━━━━━ Record excerpts

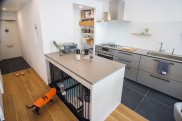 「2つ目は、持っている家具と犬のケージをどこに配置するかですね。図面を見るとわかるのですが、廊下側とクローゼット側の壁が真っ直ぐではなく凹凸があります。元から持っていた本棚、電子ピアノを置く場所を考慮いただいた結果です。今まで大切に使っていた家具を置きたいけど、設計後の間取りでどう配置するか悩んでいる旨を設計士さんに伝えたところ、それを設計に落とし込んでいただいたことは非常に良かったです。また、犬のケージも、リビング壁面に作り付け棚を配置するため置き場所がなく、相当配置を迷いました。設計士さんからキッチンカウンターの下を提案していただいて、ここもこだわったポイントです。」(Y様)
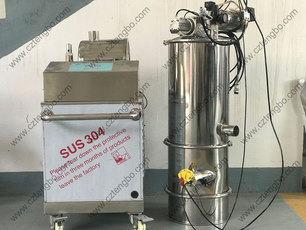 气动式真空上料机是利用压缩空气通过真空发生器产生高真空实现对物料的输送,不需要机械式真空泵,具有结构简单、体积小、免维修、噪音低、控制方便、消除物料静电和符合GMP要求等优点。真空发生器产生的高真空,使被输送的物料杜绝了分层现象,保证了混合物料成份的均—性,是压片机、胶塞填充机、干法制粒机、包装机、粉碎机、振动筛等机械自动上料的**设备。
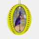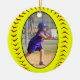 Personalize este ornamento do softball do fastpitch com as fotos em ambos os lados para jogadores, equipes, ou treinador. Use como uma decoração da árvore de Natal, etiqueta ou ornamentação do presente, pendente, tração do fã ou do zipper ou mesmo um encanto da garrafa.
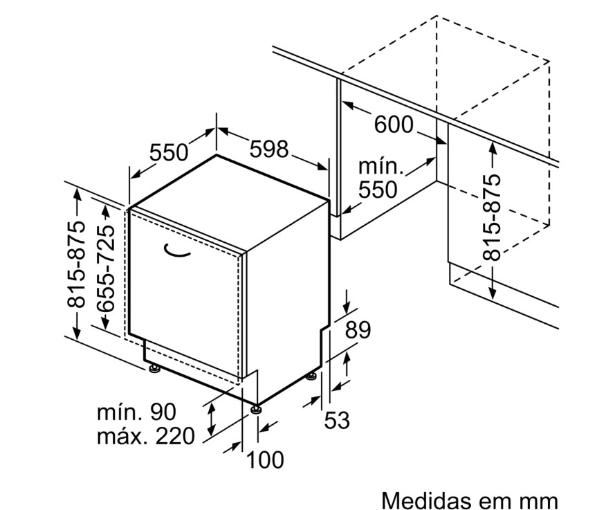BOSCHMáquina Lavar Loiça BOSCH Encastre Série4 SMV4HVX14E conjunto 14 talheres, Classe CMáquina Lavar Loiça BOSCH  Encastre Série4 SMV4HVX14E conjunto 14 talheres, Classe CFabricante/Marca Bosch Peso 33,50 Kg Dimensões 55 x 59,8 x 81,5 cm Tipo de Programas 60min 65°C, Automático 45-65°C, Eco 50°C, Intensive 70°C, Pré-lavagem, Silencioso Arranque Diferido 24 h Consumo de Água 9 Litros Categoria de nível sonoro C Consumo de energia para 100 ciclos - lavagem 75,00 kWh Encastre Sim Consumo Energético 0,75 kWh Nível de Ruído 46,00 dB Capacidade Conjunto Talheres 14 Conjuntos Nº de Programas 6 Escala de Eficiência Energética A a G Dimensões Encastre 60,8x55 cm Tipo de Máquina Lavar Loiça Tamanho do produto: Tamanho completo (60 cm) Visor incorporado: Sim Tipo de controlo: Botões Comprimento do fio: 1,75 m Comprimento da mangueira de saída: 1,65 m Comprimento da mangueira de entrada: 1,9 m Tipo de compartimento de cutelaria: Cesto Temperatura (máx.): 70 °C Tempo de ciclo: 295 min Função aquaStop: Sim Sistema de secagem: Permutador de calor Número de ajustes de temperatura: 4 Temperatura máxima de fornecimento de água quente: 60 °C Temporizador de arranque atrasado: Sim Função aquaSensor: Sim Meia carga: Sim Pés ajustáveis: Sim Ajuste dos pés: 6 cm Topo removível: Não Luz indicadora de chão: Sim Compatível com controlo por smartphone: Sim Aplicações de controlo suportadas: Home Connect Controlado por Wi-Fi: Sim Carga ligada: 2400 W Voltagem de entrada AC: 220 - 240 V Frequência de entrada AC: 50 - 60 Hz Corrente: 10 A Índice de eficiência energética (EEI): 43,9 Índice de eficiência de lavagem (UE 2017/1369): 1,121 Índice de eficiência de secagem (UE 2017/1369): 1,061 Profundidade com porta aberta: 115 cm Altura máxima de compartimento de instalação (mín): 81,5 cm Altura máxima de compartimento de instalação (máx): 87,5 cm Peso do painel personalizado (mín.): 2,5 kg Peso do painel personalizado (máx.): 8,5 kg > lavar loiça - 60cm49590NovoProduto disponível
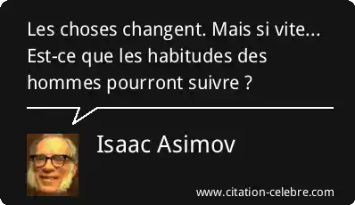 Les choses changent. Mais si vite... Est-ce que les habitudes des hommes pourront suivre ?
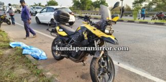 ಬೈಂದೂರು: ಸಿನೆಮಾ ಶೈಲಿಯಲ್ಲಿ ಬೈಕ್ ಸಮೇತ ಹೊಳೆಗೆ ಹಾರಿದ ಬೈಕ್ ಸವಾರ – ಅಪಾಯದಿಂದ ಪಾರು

━━━━━━━━━━
━━━━━ Record excerpts

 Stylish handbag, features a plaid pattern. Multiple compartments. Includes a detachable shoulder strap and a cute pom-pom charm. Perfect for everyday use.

━━━━━━━━━━
━━━━━ Record excerpts

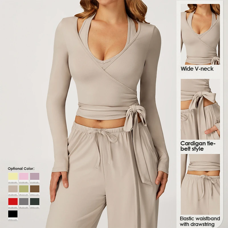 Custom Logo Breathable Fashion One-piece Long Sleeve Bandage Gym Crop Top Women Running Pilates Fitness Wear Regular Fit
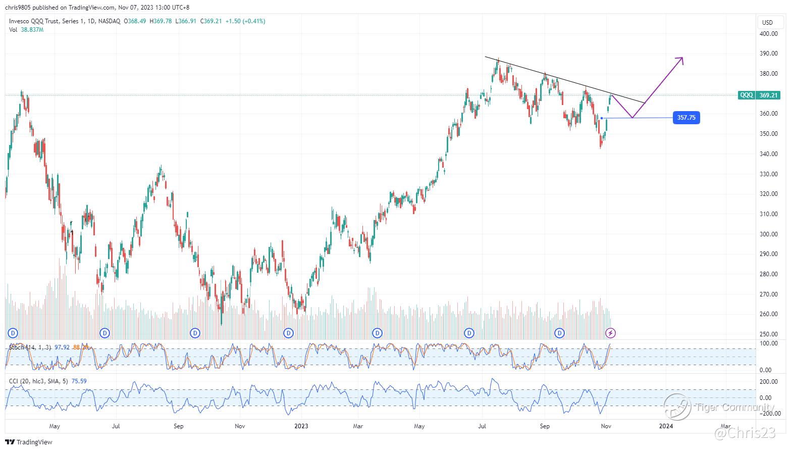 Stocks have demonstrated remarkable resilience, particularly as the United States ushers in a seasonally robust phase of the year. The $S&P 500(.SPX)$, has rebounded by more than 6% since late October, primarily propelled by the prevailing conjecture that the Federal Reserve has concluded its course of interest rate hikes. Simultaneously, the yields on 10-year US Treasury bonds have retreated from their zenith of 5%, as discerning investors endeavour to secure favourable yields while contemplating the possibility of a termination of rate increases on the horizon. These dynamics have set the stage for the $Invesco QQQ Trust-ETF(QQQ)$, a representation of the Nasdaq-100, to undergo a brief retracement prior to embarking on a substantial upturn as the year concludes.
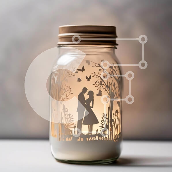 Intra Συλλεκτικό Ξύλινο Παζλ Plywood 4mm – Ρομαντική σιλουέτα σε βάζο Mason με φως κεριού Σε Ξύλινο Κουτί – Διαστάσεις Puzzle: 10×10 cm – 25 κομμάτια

━━━━━━━━━━

Copy only this from above: the line containing "气动式真空上料机是利用压缩空", the line containing "Personalize este ornamento", and all lines between, printed exactly. Leave out the pictures.

**Answer area**
 气动式真空上料机是利用压缩空气通过真空发生器产生高真空实现对物料的输送,不需要机械式真空泵,具有结构简单、体积小、免维修、噪音低、控制方便、消除物料静电和符合GMP要求等优点。真空发生器产生的高真空,使被输送的物料杜绝了分层现象,保证了混合物料成份的均—性,是压片机、胶塞填充机、干法制粒机、包装机、粉碎机、振动筛等机械自动上料的**设备。
 Personalize este ornamento do softball do fastpitch com as fotos em ambos os lados para jogadores, equipes, ou treinador. Use como uma decoração da árvore de Natal, etiqueta ou ornamentação do presente, pendente, tração do fã ou do zipper ou mesmo um encanto da garrafa.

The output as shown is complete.